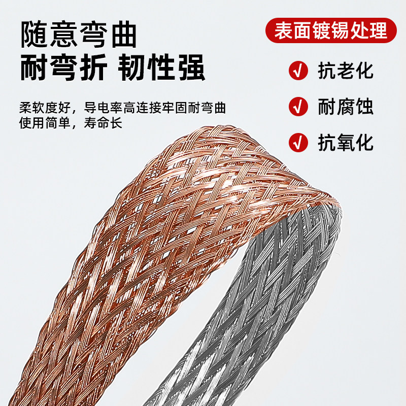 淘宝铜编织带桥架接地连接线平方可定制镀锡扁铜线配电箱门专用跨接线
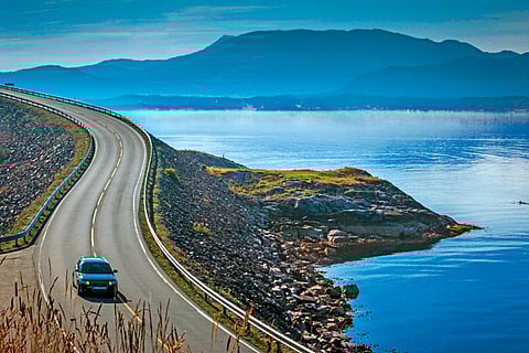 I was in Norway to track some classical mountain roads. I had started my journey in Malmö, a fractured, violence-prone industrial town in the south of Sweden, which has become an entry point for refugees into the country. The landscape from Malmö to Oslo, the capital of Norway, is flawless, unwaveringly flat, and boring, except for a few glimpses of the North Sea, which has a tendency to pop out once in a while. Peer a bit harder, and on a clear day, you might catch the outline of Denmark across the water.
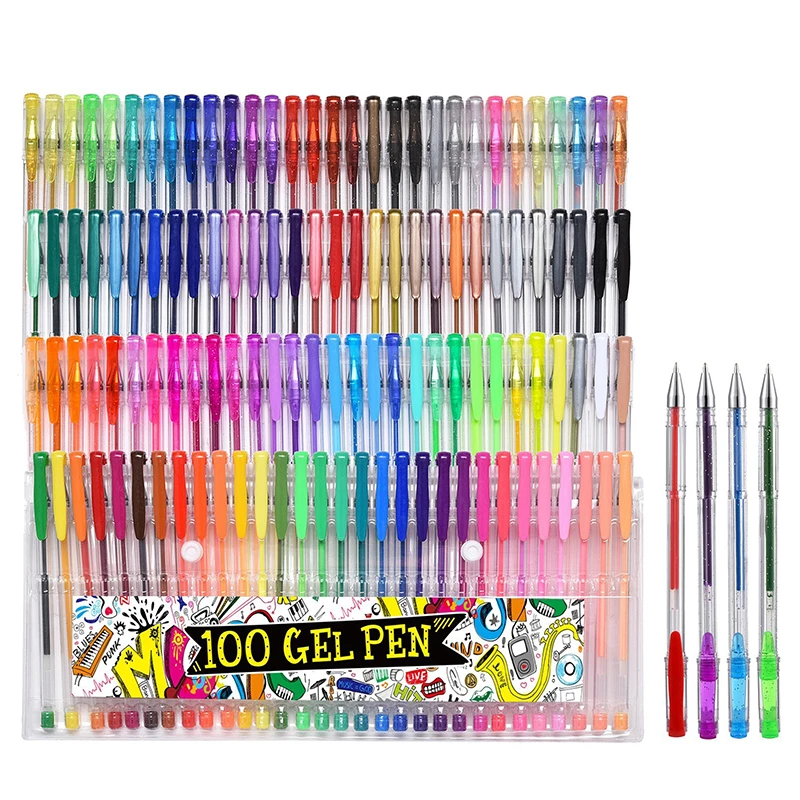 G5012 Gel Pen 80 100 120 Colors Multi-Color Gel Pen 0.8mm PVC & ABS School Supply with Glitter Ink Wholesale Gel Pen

+++++

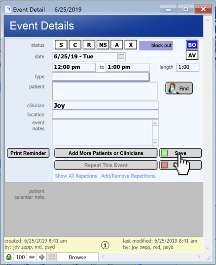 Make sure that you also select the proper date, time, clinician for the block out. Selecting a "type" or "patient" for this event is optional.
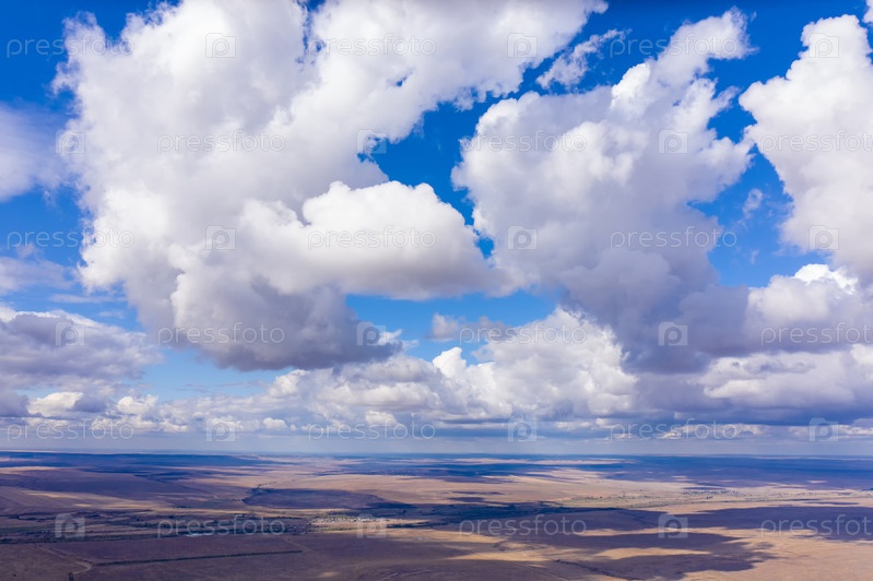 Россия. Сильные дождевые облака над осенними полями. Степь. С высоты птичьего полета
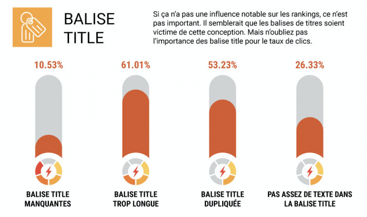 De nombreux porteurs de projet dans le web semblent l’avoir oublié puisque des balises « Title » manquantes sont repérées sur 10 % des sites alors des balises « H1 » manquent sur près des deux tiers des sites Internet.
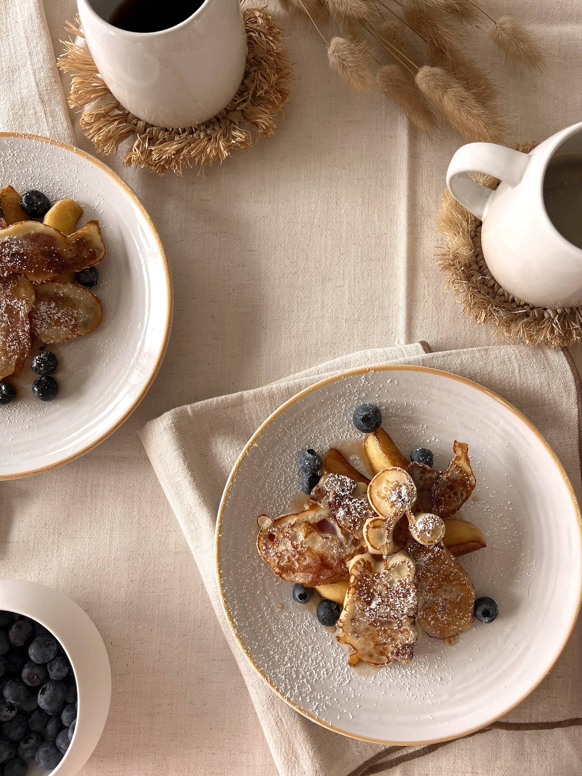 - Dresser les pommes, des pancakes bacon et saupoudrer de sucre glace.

+++++

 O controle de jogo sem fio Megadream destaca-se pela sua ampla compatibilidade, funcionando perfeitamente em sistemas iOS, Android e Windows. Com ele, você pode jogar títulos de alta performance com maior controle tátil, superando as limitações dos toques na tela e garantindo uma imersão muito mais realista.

+++++

**Work request**
The expected output is the lines above from the one containing "De nombreux porteurs" to the one containing "- Dresser les", both ends included, reproduced exactly with every picture left out.

**Task answer**
 De nombreux porteurs de projet dans le web semblent l’avoir oublié puisque des balises « Title » manquantes sont repérées sur 10 % des sites alors des balises « H1 » manquent sur près des deux tiers des sites Internet.
 - Dresser les pommes, des pancakes bacon et saupoudrer de sucre glace.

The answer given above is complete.